- Task objective
Could you transcribe each entry below exactly, minus the images?

- Records from a dataset

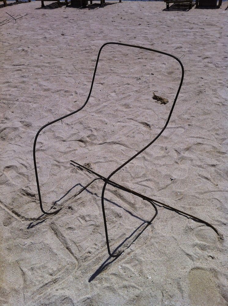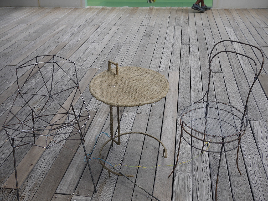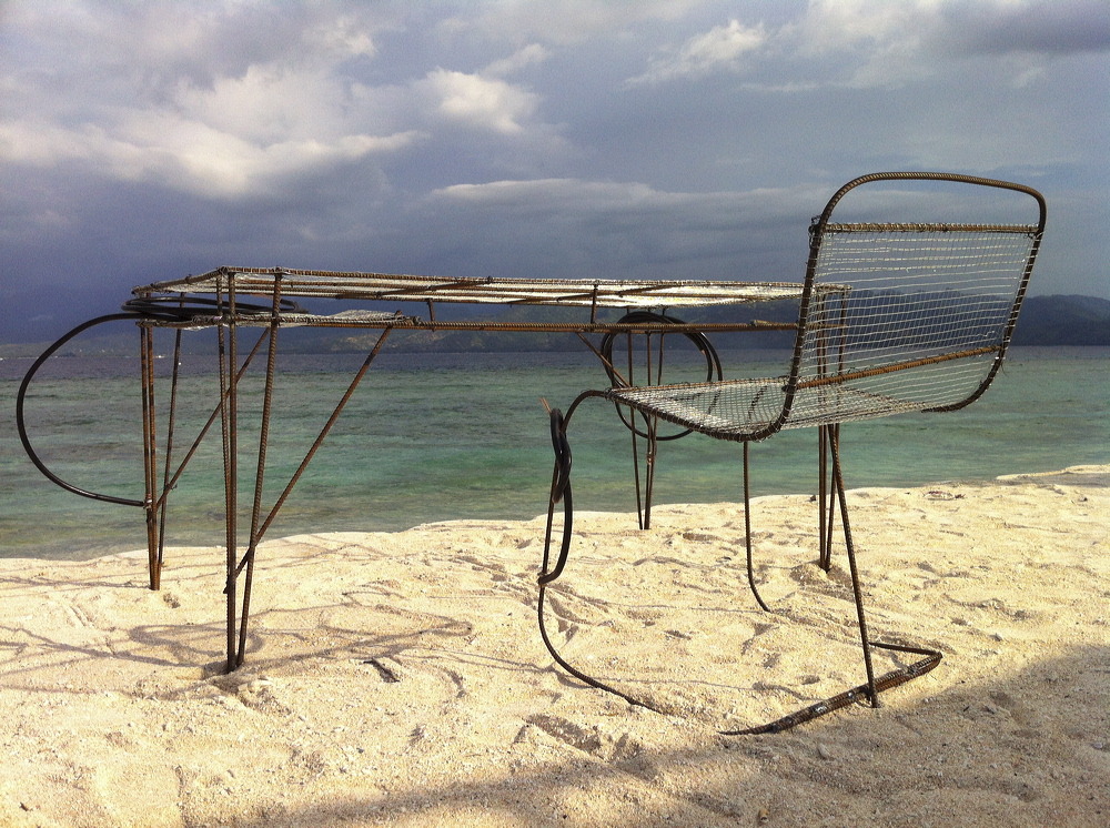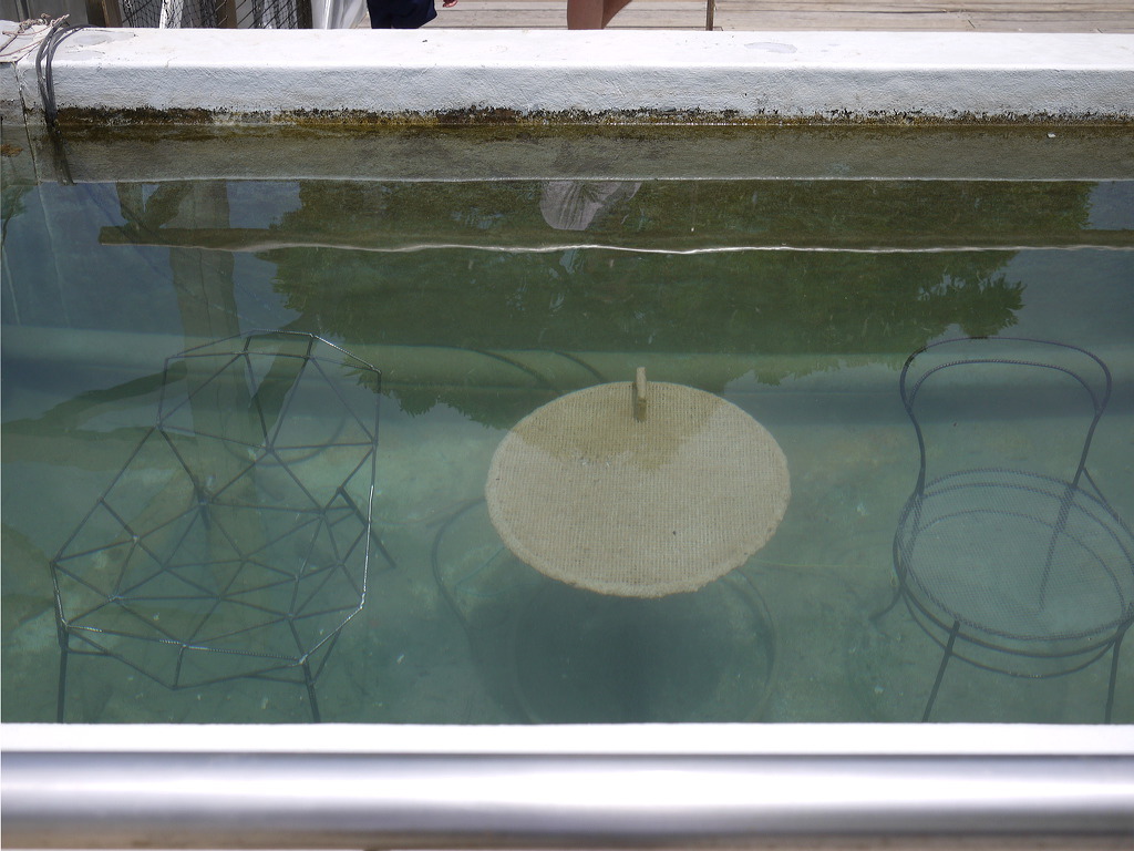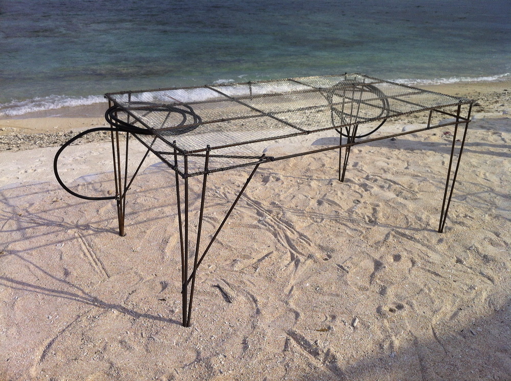 Mineral Accretion Furniture is an alternative system of production of furniture and objects, that can produce artificial reefs. It has been developed by architect and biologist Wolf Hilbertz (Symbiotic Process Laboratory / Texas University) to restore coral reefs and other kinds of ocean bottoms (fauna and flora). Can we produce objects with poor materials, elementary techniques, and in a direct relationship to the economic and environmental context?
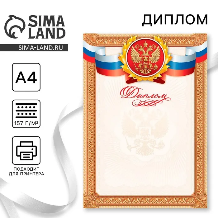 Диплом классический "Российская символика", золотая рамка, 21х29,7 см — Характеристики
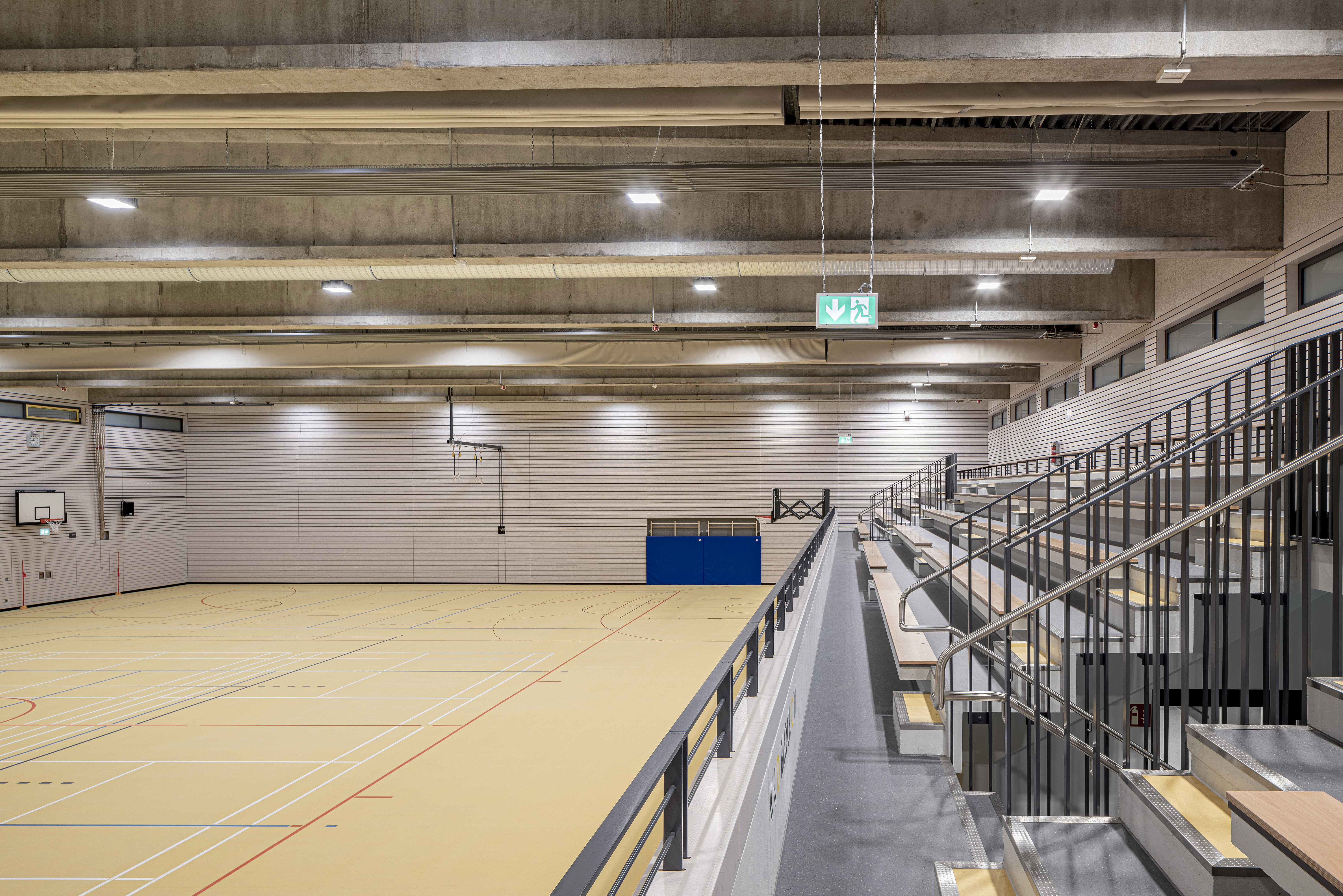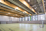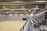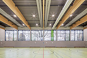 Was passiert, wenn man eine alte Sporthalle zusammen mit begeisterten Sportlerinnen und Sportlern aus drei Schulen und drei Sportvereinen in einen Topf wirft? Richtig: Eine Konstellation, die nicht lange gut gehen kann. Genauso trug es sich im baden-württembergischen Steinheim an der Murr zu, dessen Riedhalle aus dem Jahr 1972 nach knapp 50 Jahren intensiver Benutzung nicht nur marode geworden war, sondern noch dazu aus allen Nähten platzte. Die Belegung vor Ort ist nämlich mehr als dicht. So zählen zum sportlichen Einzugsgebiet nicht nur der Campus mit der Blankensteinschule, der Riedbachschule sowie der Erich-Kästner-Realschule und ihren insgesamt rund 1.100 Schülerinnen und Schülern, sondern auch drei ortsansässige Sportvereine mit zahlreichen Mannschaften in unterschiedlichsten Sportarten wie Fußball, Handball, Volleyball, Leichtathletik und vielem mehr. Um die zahllosen Sportbegeisterten aus Steinheim und Umgebung gebührend zu versorgen, entschied sich die zwischen Stuttgart und Heilbronn gelegene Stadt für eine zweiteilige Lösung. Wichtig war dabei einerseits, eine moderne und langlebige Sportstätte zu schaffen, aber andererseits auch möglichst nachhaltig und ressourcenbewusst zu handeln, wie sich der zuständige Planer Frank Müller von der Ratioplan GmbH erinnert: „Natürlich wurde darüber nachgedacht, die alte Sporthalle komplett abzureißen und dafür eine größere, moderne Halle an Ort und Stelle zu errichten. Ich selbst bin aus Gründen der Nachhaltigkeit allerdings stets für eine Sanierung, sofern dies möglich ist.“
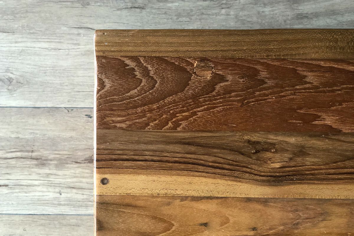重硬で強靱、さらに耐久性・耐水性ともに優れた高級銘木のひとつです。無塗装でも表面にワックスを塗ったようなつやがあり、伸縮率も小さく狂いが少ないとされているので家具のほかにも船舶や建築材料として古くから使用されています。
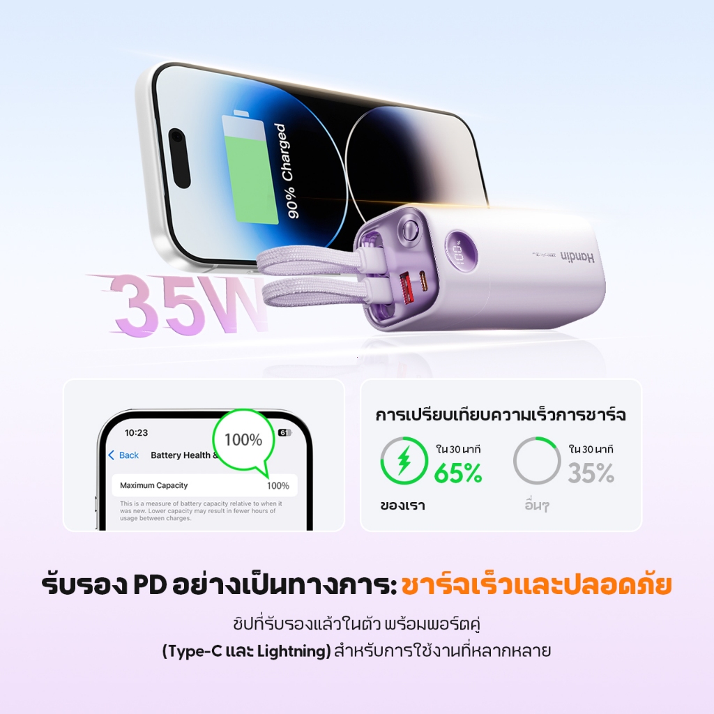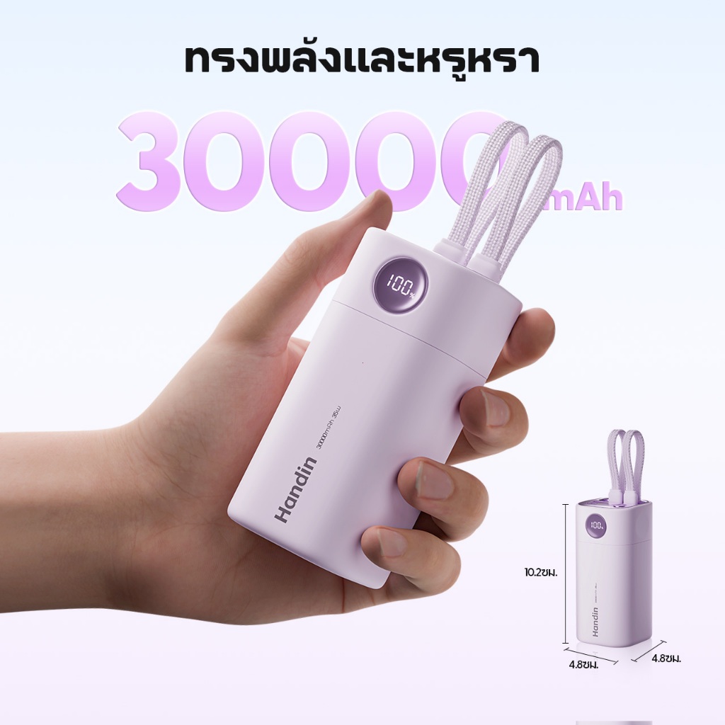 [China CCC]Handin PD35W Power Bank 30000mAh ชาร์จเร็ว แบตเตอรี่สำรอง มีหน้าจอ LED สายชาร์จในตัว 2 เส้น รับประกัน 2 ปี
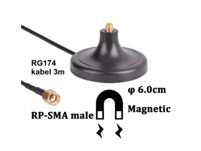 Magnetický držák wifi antény s kabelem RG 174 a konektorem RP-SMA, jak je na obrázku
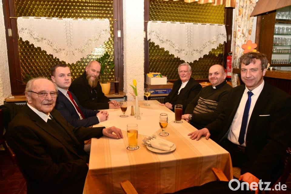 Würzburgs Altbischof Friedhelm Hofmann feierte mit Pater Reinhold Schmitt, Pfarrer Klaus Oehrlein und Bors Geistlichem Monsignore Miroslav Martis am Sonntag in Pleysteins Partnerstadt Bor den regelmäßigen deutschsprachigen Gottesdienst. Die Heimreise nach Würzburg unterbrach Hofmann (hinten, rechts) auf Einladung von Pater Schmitt (links) zu einer Brotzeitpause im Pleysteiner Hotel „Regina“. Mit dabei waren Pfarrer Oerlein (hinten, links) und Martis (Zweiter von rechts).
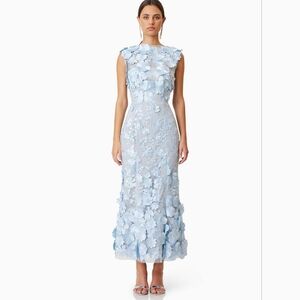 Elevate your style with this stunning Fitted Cocktail Midi Dress, designed to make you stand out at any event. Featuring a high neckline adorned with exquisite 3D floral detailing, this dress exudes elegance and sophistication. The sleeveless fitted bodice perfectly contours your silhouette, offering a sleek and flattering fit that highlights your natural curves. Crafted from luxurious 3D floral lace, the dress boasts a rich texture that adds depth and intrigue to its design, making it a true statement piece.
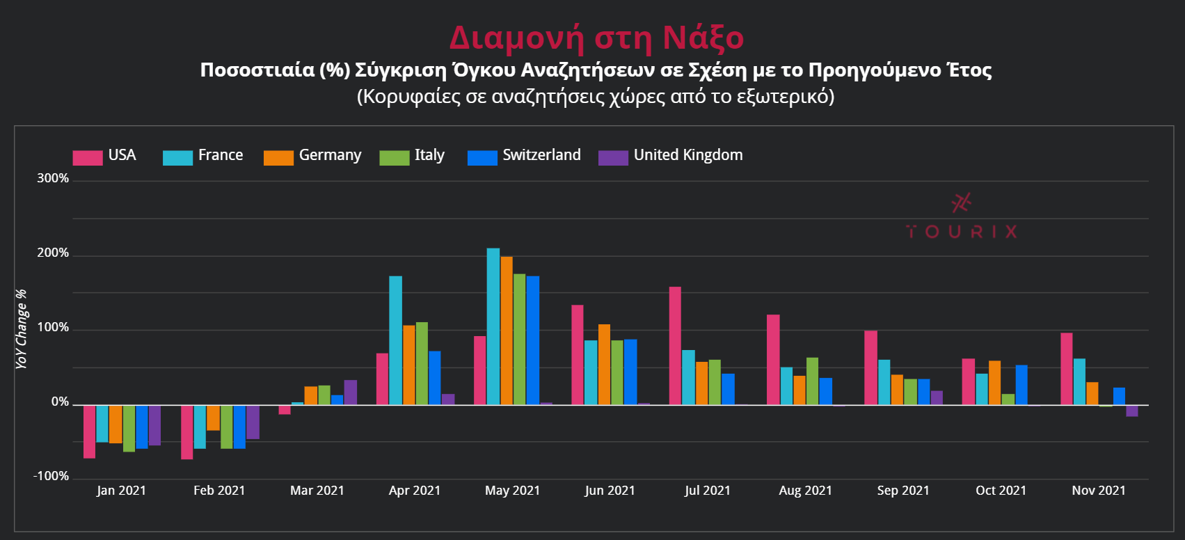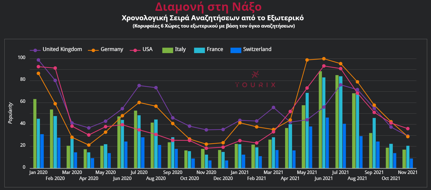 Συνολικά για το 2021, οι 3 τοπ χώρες στις διαδικτυακές αναζητήσεις για διαμονή στη Νάξο είναι η Γερμανία, οι ΗΠΑ στην δεύτερη θέση και στην τρίτη θέση βρίσκεται το Ηνωμένο Βασίλειο. Αυτή ήταν η τριάδα και για το 2020 με την διαφορά πως στην πρώτη θέση ήταν το Ηνωμένο Βασίλειο, μετά η Γερμανία και στην τρίτη θέση οι ΗΠΑ.
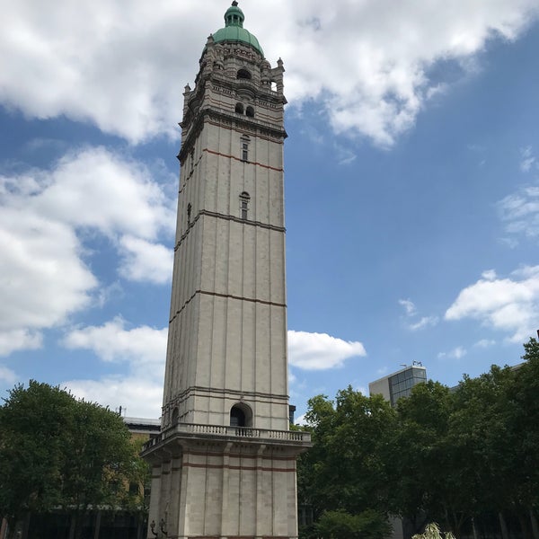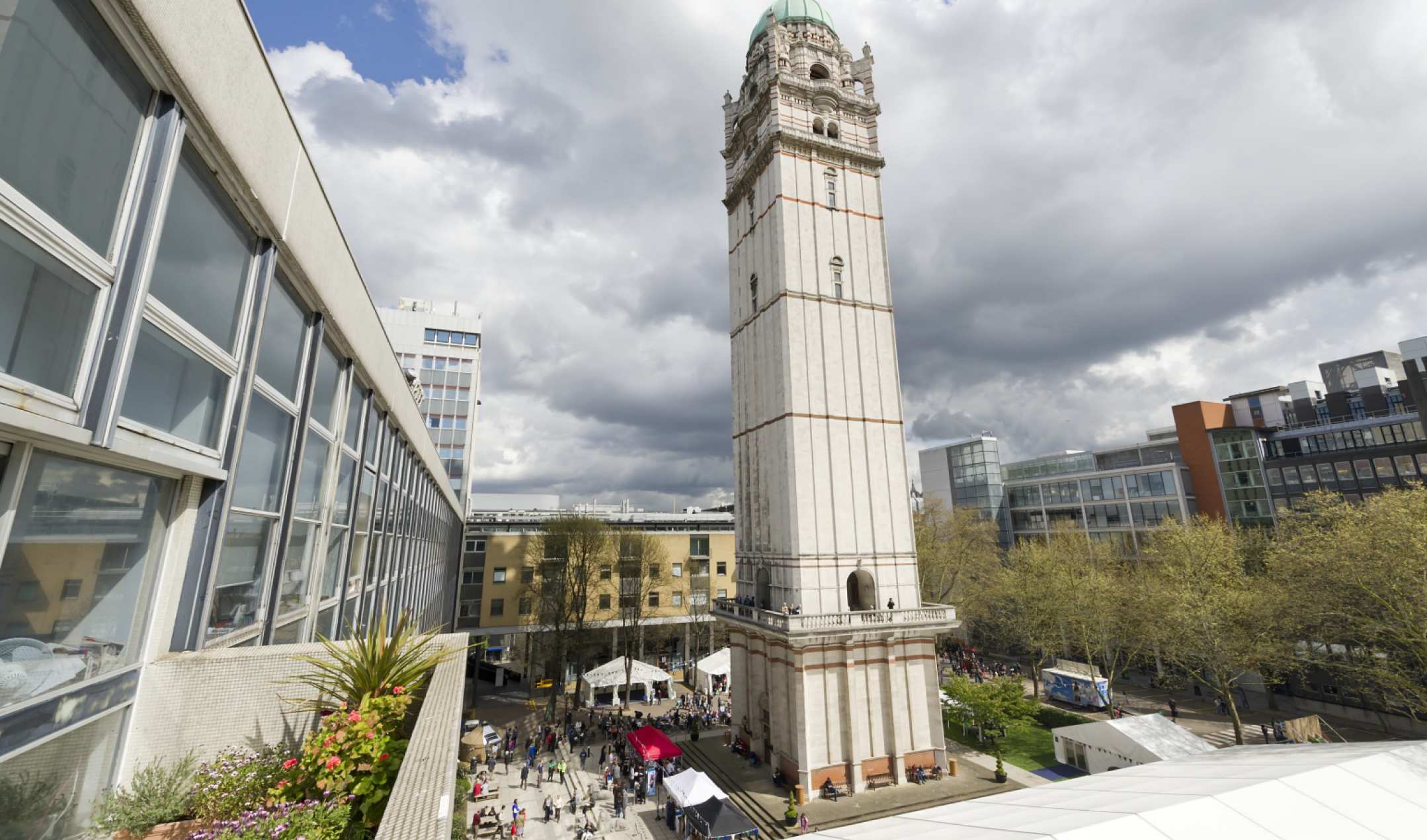 The Queen's Tower is situated in the South Kensington Campus of Imperial College London, England, just to the north of Imperial College Road. It is 87 metres tall with a copper-covered dome at its top. To reach the base of the dome from the ground on foot, one must ascend a series of narrow spiral staircases, comprising 325 steps in total. The tower used to be the central tower of the Imperial Institute, and is now the sole remaining part of that building.

- Exercise output
 Mineral Accretion Furniture is an alternative system of production of furniture and objects, that can produce artificial reefs. It has been developed by architect and biologist Wolf Hilbertz (Symbiotic Process Laboratory / Texas University) to restore coral reefs and other kinds of ocean bottoms (fauna and flora). Can we produce objects with poor materials, elementary techniques, and in a direct relationship to the economic and environmental context?
 Диплом классический "Российская символика", золотая рамка, 21х29,7 см — Характеристики
 Was passiert, wenn man eine alte Sporthalle zusammen mit begeisterten Sportlerinnen und Sportlern aus drei Schulen und drei Sportvereinen in einen Topf wirft? Richtig: Eine Konstellation, die nicht lange gut gehen kann. Genauso trug es sich im baden-württembergischen Steinheim an der Murr zu, dessen Riedhalle aus dem Jahr 1972 nach knapp 50 Jahren intensiver Benutzung nicht nur marode geworden war, sondern noch dazu aus allen Nähten platzte. Die Belegung vor Ort ist nämlich mehr als dicht. So zählen zum sportlichen Einzugsgebiet nicht nur der Campus mit der Blankensteinschule, der Riedbachschule sowie der Erich-Kästner-Realschule und ihren insgesamt rund 1.100 Schülerinnen und Schülern, sondern auch drei ortsansässige Sportvereine mit zahlreichen Mannschaften in unterschiedlichsten Sportarten wie Fußball, Handball, Volleyball, Leichtathletik und vielem mehr. Um die zahllosen Sportbegeisterten aus Steinheim und Umgebung gebührend zu versorgen, entschied sich die zwischen Stuttgart und Heilbronn gelegene Stadt für eine zweiteilige Lösung. Wichtig war dabei einerseits, eine moderne und langlebige Sportstätte zu schaffen, aber andererseits auch möglichst nachhaltig und ressourcenbewusst zu handeln, wie sich der zuständige Planer Frank Müller von der Ratioplan GmbH erinnert: „Natürlich wurde darüber nachgedacht, die alte Sporthalle komplett abzureißen und dafür eine größere, moderne Halle an Ort und Stelle zu errichten. Ich selbst bin aus Gründen der Nachhaltigkeit allerdings stets für eine Sanierung, sofern dies möglich ist.“
重硬で強靱、さらに耐久性・耐水性ともに優れた高級銘木のひとつです。無塗装でも表面にワックスを塗ったようなつやがあり、伸縮率も小さく狂いが少ないとされているので家具のほかにも船舶や建築材料として古くから使用されています。
 [China CCC]Handin PD35W Power Bank 30000mAh ชาร์จเร็ว แบตเตอรี่สำรอง มีหน้าจอ LED สายชาร์จในตัว 2 เส้น รับประกัน 2 ปี
 Magnetický držák wifi antény s kabelem RG 174 a konektorem RP-SMA, jak je na obrázku
 Würzburgs Altbischof Friedhelm Hofmann feierte mit Pater Reinhold Schmitt, Pfarrer Klaus Oehrlein und Bors Geistlichem Monsignore Miroslav Martis am Sonntag in Pleysteins Partnerstadt Bor den regelmäßigen deutschsprachigen Gottesdienst. Die Heimreise nach Würzburg unterbrach Hofmann (hinten, rechts) auf Einladung von Pater Schmitt (links) zu einer Brotzeitpause im Pleysteiner Hotel „Regina“. Mit dabei waren Pfarrer Oerlein (hinten, links) und Martis (Zweiter von rechts).
 Elevate your style with this stunning Fitted Cocktail Midi Dress, designed to make you stand out at any event. Featuring a high neckline adorned with exquisite 3D floral detailing, this dress exudes elegance and sophistication. The sleeveless fitted bodice perfectly contours your silhouette, offering a sleek and flattering fit that highlights your natural curves. Crafted from luxurious 3D floral lace, the dress boasts a rich texture that adds depth and intrigue to its design, making it a true statement piece.
 Συνολικά για το 2021, οι 3 τοπ χώρες στις διαδικτυακές αναζητήσεις για διαμονή στη Νάξο είναι η Γερμανία, οι ΗΠΑ στην δεύτερη θέση και στην τρίτη θέση βρίσκεται το Ηνωμένο Βασίλειο. Αυτή ήταν η τριάδα και για το 2020 με την διαφορά πως στην πρώτη θέση ήταν το Ηνωμένο Βασίλειο, μετά η Γερμανία και στην τρίτη θέση οι ΗΠΑ.
 The Queen's Tower is situated in the South Kensington Campus of Imperial College London, England, just to the north of Imperial College Road. It is 87 metres tall with a copper-covered dome at its top. To reach the base of the dome from the ground on foot, one must ascend a series of narrow spiral staircases, comprising 325 steps in total. The tower used to be the central tower of the Imperial Institute, and is now the sole remaining part of that building.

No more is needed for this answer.